Viva!
- Founded: 1994; 32 years ago
- Founder: Juliet Gellatley
- Type: Animal rights
- Focus: Animal rights, veganism
- Location: Bristol, England;
- Region served: United Kingdom
- Method: Campaigning, undercover investigations, monitoring research
- Website: viva.org.uk

= Viva! (organisation) =

British animal rights group

Viva! is a British animal rights group, which focuses on promoting veganism. It was founded by Juliet Gellatley in 1994. Viva! carries out undercover investigations to expose the abuse of factory farmed animals and produces information on how to go vegan, including recipes and shopping guides. It is a registered charity.

==Overview==

Viva! was founded as Vegetarians' International Voice for Animals, a charity, in 1994.

Viva! is an animal rights' campaigning organisation, working on issues such as factory farming and slaughter and is based in Bristol, with a branch office in Poland. Campaigns have included End Factory Farming, Eat Green, Foie-Gras free Britain, Exotic Meat, Ban the Farrowing Crate, and the Dark Side of Dairy. Campaigns in 2018 included an investigation into Hogwood Pig Farm in Warwickshire, and Scary Dairy's "Trash" campaign, highlighting the dairy industry's forgotten victims: male calves. Viva! includes the organization Viva! Health (formerly The Vegetarian and Vegan Foundation), which is dedicated to nutrition and health.

==Activism==

In 2005, Viva! campaigned against human consumption of cow's milk with an advert featuring a businessman drinking milk straight from a cows udder.

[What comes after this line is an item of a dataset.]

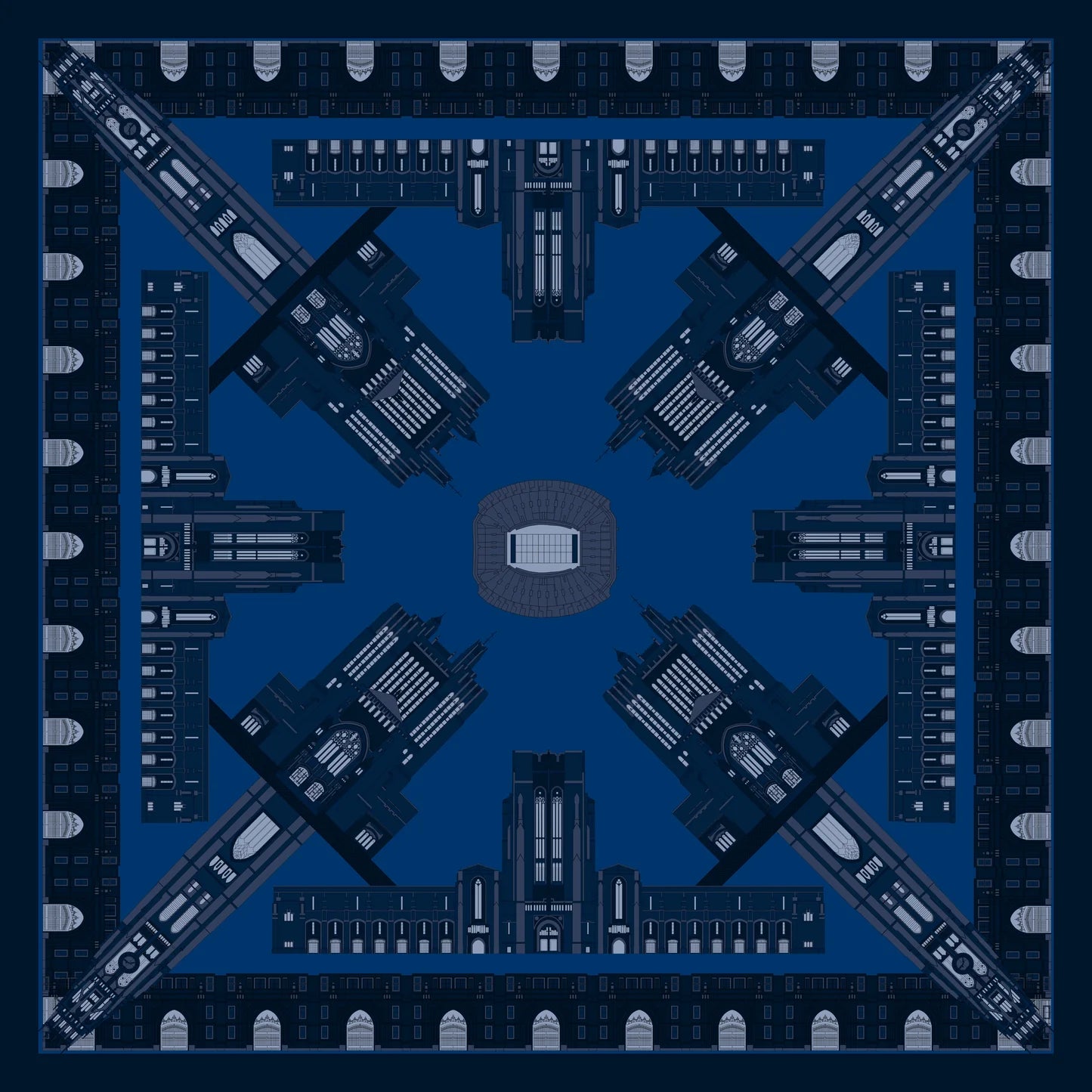 This custom silk scarf draws inspiration from the iconic Gothic architecture and timeless charm of New Haven’s most historic campus, offering a sophisticated, logo-free way to honor your connection to the place.

In 2009, Viva! criticised supermarket chain Tesco for turning 5,000 tonnes of meat that had passed its sell-by date into electricity by burning it to avoid wasting the meat. Viva! argued converting out-of-date meat into heat with as byproduct was not environmentally sustainable, but Tesco defended its decision. In 2010, Viva! protested against a branch of Budgens for supporting a "needless cull" of grey squirrels by selling squirrel meat in one of their stores in North London.

In 2012, Viva! stated that it favoured the development of cultured meat. "Certainly, with over 950 million land animals slaughtered in the UK each year, and the vast majority of them factory farmed in awful conditions, anything that saves animals from suffering is to be welcomed," former Viva! spokesman and campaign manager Justin Kerswell said, adding that individuals should make up their own mind on whether or not they would consume it themselves, because "vegetarianism and veganism aren't religions".

In 2022, Viva! ran a TV advert which showed a couple ordering pulled pork takeaway from a company called "Just Meat." When the takeaway arrives, it is a live piglet delivered with a meat cleaver.